Mr Gallagher’s employer believed, as is common, that including the scheme in a separate agreement would ring-fence the benefit of the scheme in the event that the employee brought a claim for unfair dismissal or where the employee was being transferred under TUPE.
The end of Mr Gallagher’s employment terminated his membership in the SIP and consequently all relevant shares were transferred to him. Ponticelli proposed a one-off compensation payment in recognition of the fact that Mr Gallagher would no longer be receiving the benefit of the SIP as part of his employment as they understood the matter. Mr Gallagher refused this and consequently made an application to the Tribunal, asserting that he was entitled to be offered a similar SIP plan by his new employer and wished to be rewarded on the same terms.
Both the Employment Tribunal and the Employment Appeal Tribunal upheld this. The Tribunals held that all “of the transferor’s [outgoing employer] rights, liabilities, powers and liabilities under or in connection with any such contract” will transfer under TUPE. The SIP rights were considered by the Tribunal to arise in connection with Mr Gallagher’s contract of employment. The Tribunal considered that the SIP was a direct consequence of his status as an employee and noted that he had deductions made from his salary to take account of his membership in the scheme. Key also, was the fact that this scheme formed part of Mr Gallagher’s remuneration package, the removal of this on TUPE grounds would likely cause him financial loss.

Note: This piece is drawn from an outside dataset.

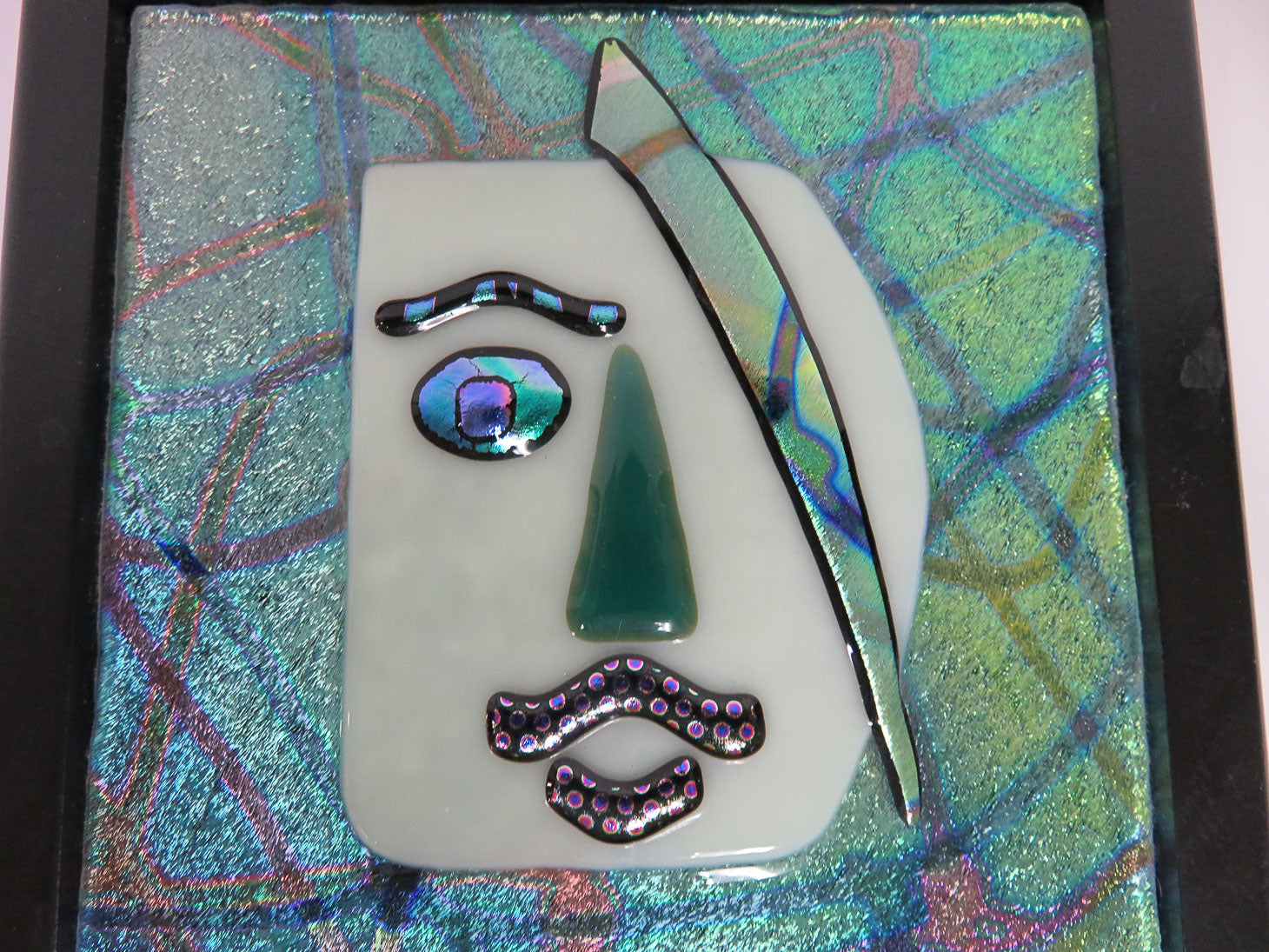 "Ellen Gomberg", hinged box, fused glass face, iridescent green and blue
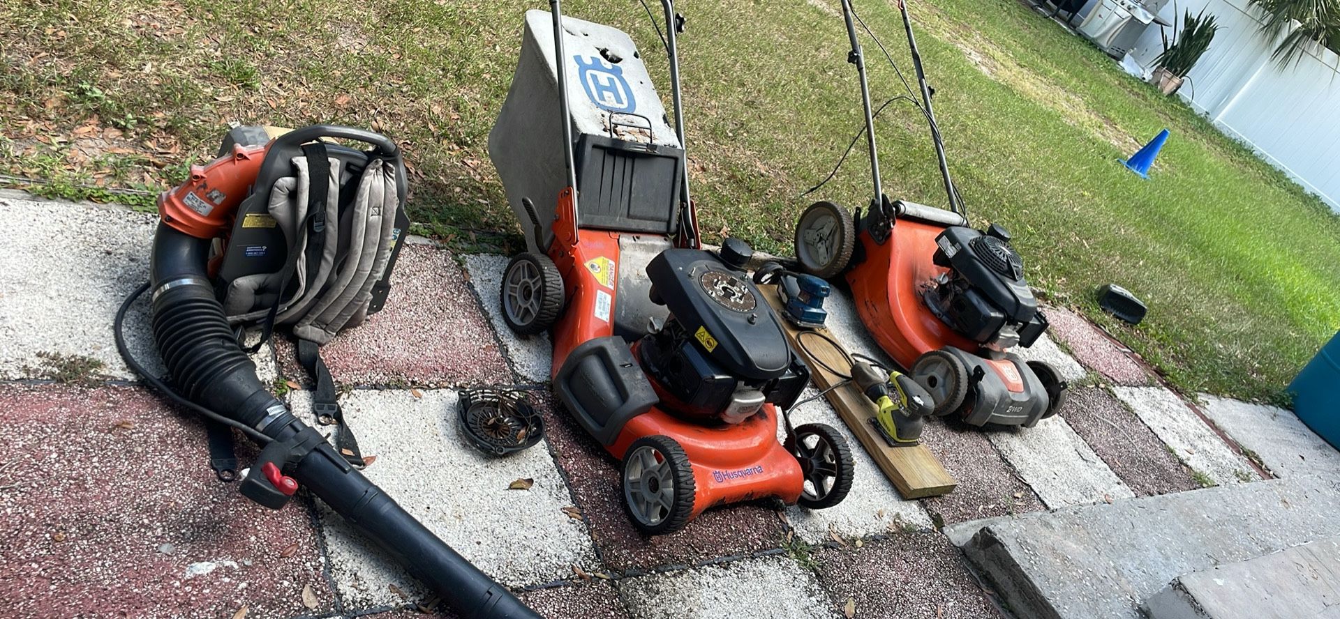 Mower runs but needs new entire cord housing small problems with the carb. The larger one won’t run and the self propelled system is gone bad wheels needs new cable probably probably better for parts Backpack blower starts has new coil but won’t stay running or run when pressing the trigger probably needs a new Carb or gasket Some sanders for 20 if you want to know more just send me a message and you can shoot me and offer Zelle or Cash only (if you only want one of them just send a message)

Consequently, Ponticelli was required to provide a scheme of “substantially equivalent alternative” as Mr Gallagher’s employer.
Key Takeaways for employers
This case addresses the difficulties share based incentive schemes create where the incoming employer does not provide, or cannot provide, a similar scheme (e.g. because their shares are not traded or they are a partnership or LLP).
Incoming employers in a TUPE situation must carry out sufficient and early due diligence to establish the full range of benefits currently available to the transferring employees in order to understand the employment obligations they will be taking on if they proceed.
It is not possible for employers to ring fence share based incentives. Incoming employers will likely be responsible for offering the transferring employees a substantially equivalent scheme. Quite what this will consist of will vary from case and case.